■ **Required action**
Transcribe every entry word for word. Skip the pictures.

■ **Given data**

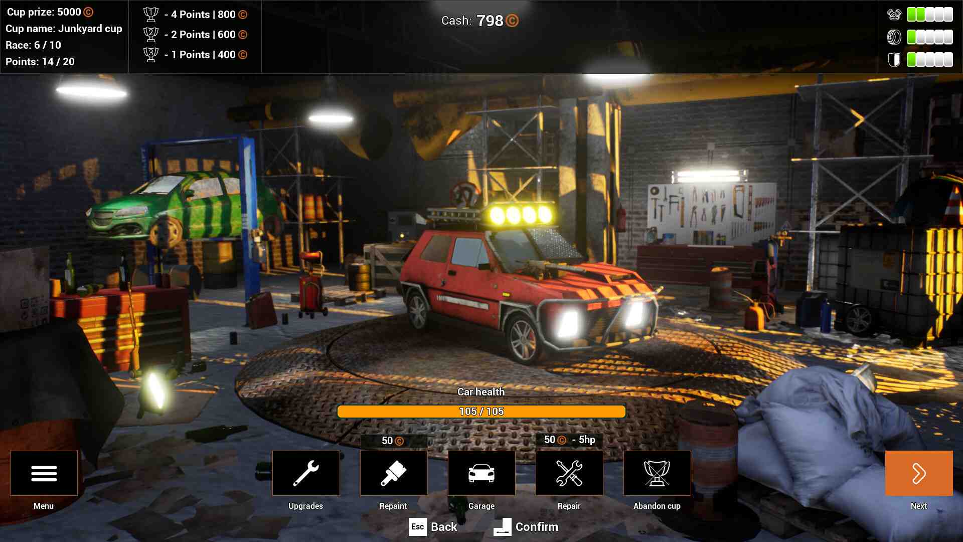 Barely Racing is an isometric view racing game, inspired strongly by Death Rally and other old-school racing games. However, we spiced it up a bit with online play and weapon choice. 7 cars, with color customization. 9 tracks, with reverse variant, across 3 biomes. Machine guns, rockets, and mines are your weapon of choice. Game is primarily made to be played in split screen, but there is a story mode too. Online multiplayer is supported, but it is peer to peer, which means your online match quality highly depends on the person who created the server. Single player story where you race to win the cups? LOCAL AND ONLINE MULTIPLAYER This game is meant to be played with your friends. Don’t hesitate to challenge them. It is not a surprise that games like these are best enjoyed in multiplayer. Race – just a regular race like any other. Addition of mines, rockets and machine guns, might change that experience a bit.Mine Tag – good old tag game, but this time you carry a mine that has a timeout. Better hurry up to touch (tag) someone before it explodes.
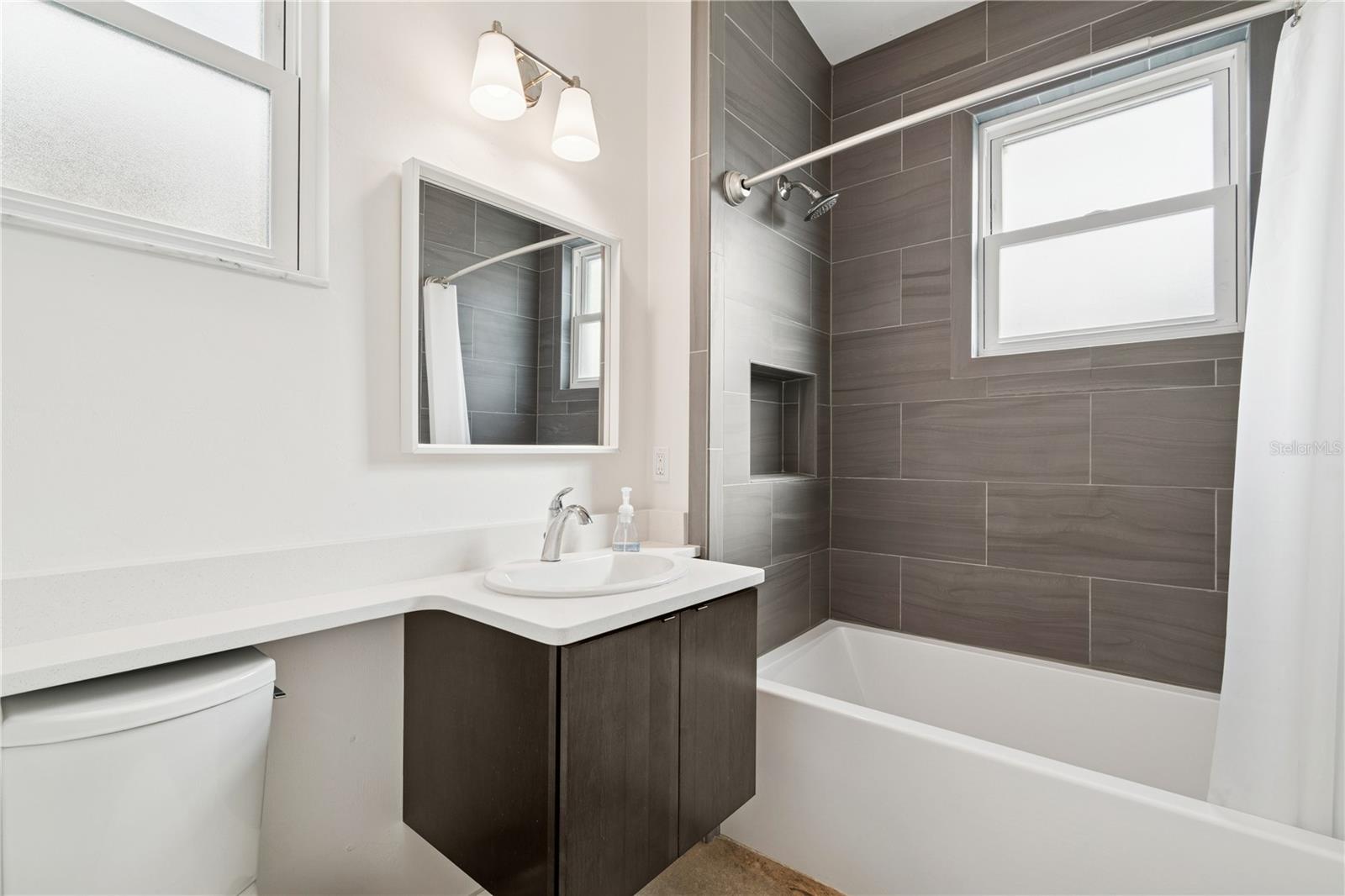 Welcome to Gainesville's thriving Cohousing community. This bright, contemporary home's features include an open floor plan, cathedral ceilings throughout, great natural light, large kitchen island with quartz countertops, polished concrete floors, metal roof and solar panels with backup batteries. Spacious primary bedroom has twin closets and ensuite with walk-in shower. The 2nd bedroom is adjacent to a guest bath with tub/shower. A cozy office area near the front delights for morning coffee or at-home work. The kitchen area adjoins a spacious living area. There is a large studio/flex space at the back which could be converted to a 3rd bedroom. The home's screened-in porch and 3 patios allow full enjoyment of outdoor living. Information about cohousing and this specific community is attached and a community tour/orientation is easily arranged. The home has been gently occupied since its 2019 construction. Low energy costs verified by GRU records. Plan to see today.
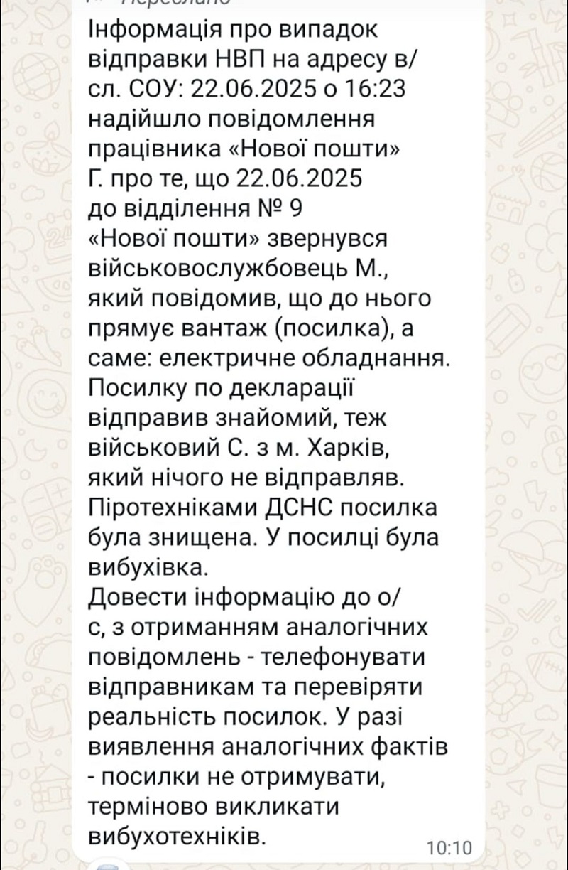 Вона опублікувала скрін, у якому повідомляється, що до співробітника "Нової пошти" звернувся військовослужбовець і розповів, що до нього з Харкова йде посилка від товариша по службі, у якій, судячи з опису в накладній, електричне обладнання.
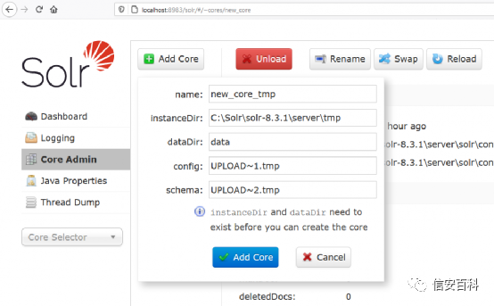 从服务器的文件目录来看,每个core在{Base Dir}/server/solr/{Core name}里面都有一个命名目录。在同一级别,还有一个名为 configsets 的默认目录,其中包含 Solr 核心示例及其所需文件。我很快发现可以使用此目录中存在的默认配置文件来创建虚拟核心。这种创建是可能的,因为没有限制 InstanceDir 变量的路径。因此,即使在全新的 Solr 安装上,也可以访问至少一个核心及其功能。参数 instanceDir 和 dataDir 可以设置为任何绝对或相对路径,这可以简化攻击。
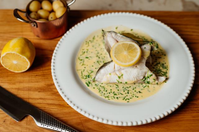 Er du lei av fet julemat? Øyvind tilbereder kveite på den tradisjonelle måten. Serveres med nypoteter og Sandefjordsmør

■ **Response**
 Barely Racing is an isometric view racing game, inspired strongly by Death Rally and other old-school racing games. However, we spiced it up a bit with online play and weapon choice. 7 cars, with color customization. 9 tracks, with reverse variant, across 3 biomes. Machine guns, rockets, and mines are your weapon of choice. Game is primarily made to be played in split screen, but there is a story mode too. Online multiplayer is supported, but it is peer to peer, which means your online match quality highly depends on the person who created the server. Single player story where you race to win the cups? LOCAL AND ONLINE MULTIPLAYER This game is meant to be played with your friends. Don’t hesitate to challenge them. It is not a surprise that games like these are best enjoyed in multiplayer. Race – just a regular race like any other. Addition of mines, rockets and machine guns, might change that experience a bit.Mine Tag – good old tag game, but this time you carry a mine that has a timeout. Better hurry up to touch (tag) someone before it explodes.
 Welcome to Gainesville's thriving Cohousing community. This bright, contemporary home's features include an open floor plan, cathedral ceilings throughout, great natural light, large kitchen island with quartz countertops, polished concrete floors, metal roof and solar panels with backup batteries. Spacious primary bedroom has twin closets and ensuite with walk-in shower. The 2nd bedroom is adjacent to a guest bath with tub/shower. A cozy office area near the front delights for morning coffee or at-home work. The kitchen area adjoins a spacious living area. There is a large studio/flex space at the back which could be converted to a 3rd bedroom. The home's screened-in porch and 3 patios allow full enjoyment of outdoor living. Information about cohousing and this specific community is attached and a community tour/orientation is easily arranged. The home has been gently occupied since its 2019 construction. Low energy costs verified by GRU records. Plan to see today.
 Вона опублікувала скрін, у якому повідомляється, що до співробітника "Нової пошти" звернувся військовослужбовець і розповів, що до нього з Харкова йде посилка від товариша по службі, у якій, судячи з опису в накладній, електричне обладнання.
 从服务器的文件目录来看,每个core在{Base Dir}/server/solr/{Core name}里面都有一个命名目录。在同一级别,还有一个名为 configsets 的默认目录,其中包含 Solr 核心示例及其所需文件。我很快发现可以使用此目录中存在的默认配置文件来创建虚拟核心。这种创建是可能的,因为没有限制 InstanceDir 变量的路径。因此,即使在全新的 Solr 安装上,也可以访问至少一个核心及其功能。参数 instanceDir 和 dataDir 可以设置为任何绝对或相对路径,这可以简化攻击。
 Er du lei av fet julemat? Øyvind tilbereder kveite på den tradisjonelle måten. Serveres med nypoteter og Sandefjordsmør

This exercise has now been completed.